━━━ Given information
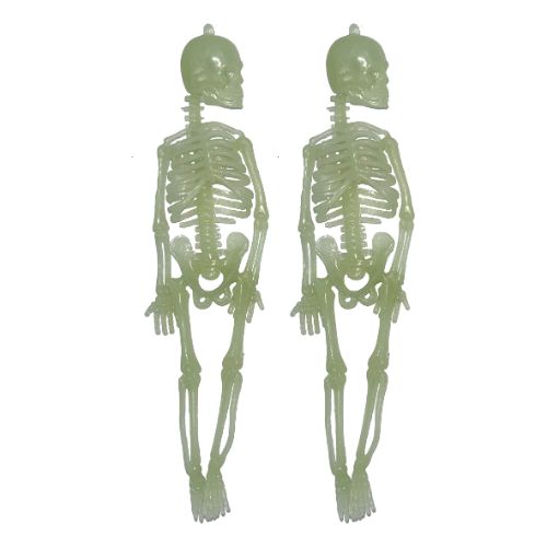 Glow In The Dark Skeletons 20cm 2Pcs/Pk. Skeleton for Halloween full body can glow in the dark to attract people's attention and increase the Halloween atmosphere. Perfect addition to your creepy Halloween decorations.
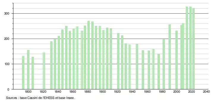 L'évolution du nombre d'habitants est connue à travers les recensements de la population effectués dans la commune depuis 1793. Pour les communes de moins de 10 000 habitants, une enquête de recensement portant sur toute la population est réalisée tous les cinq ans, les populations de référence des années intermédiaires étant quant à elles estimées par interpolation ou extrapolation[34]. Pour la commune, le premier recensement exhaustif entrant dans le cadre du nouveau dispositif a été réalisé en 2008[35].
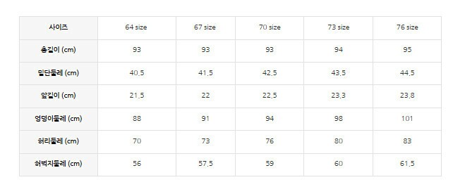 사이즈 : 64(25),67(26),70(27~28),73(28~29),76(30),79(31),82(32)
━━━━━━
Required action: Starting at the line that contains "L'évolution du nombre", retype each line through the end of the data exactly, and leave out every picture.

Problem solution:
 L'évolution du nombre d'habitants est connue à travers les recensements de la population effectués dans la commune depuis 1793. Pour les communes de moins de 10 000 habitants, une enquête de recensement portant sur toute la population est réalisée tous les cinq ans, les populations de référence des années intermédiaires étant quant à elles estimées par interpolation ou extrapolation[34]. Pour la commune, le premier recensement exhaustif entrant dans le cadre du nouveau dispositif a été réalisé en 2008[35].
 사이즈 : 64(25),67(26),70(27~28),73(28~29),76(30),79(31),82(32)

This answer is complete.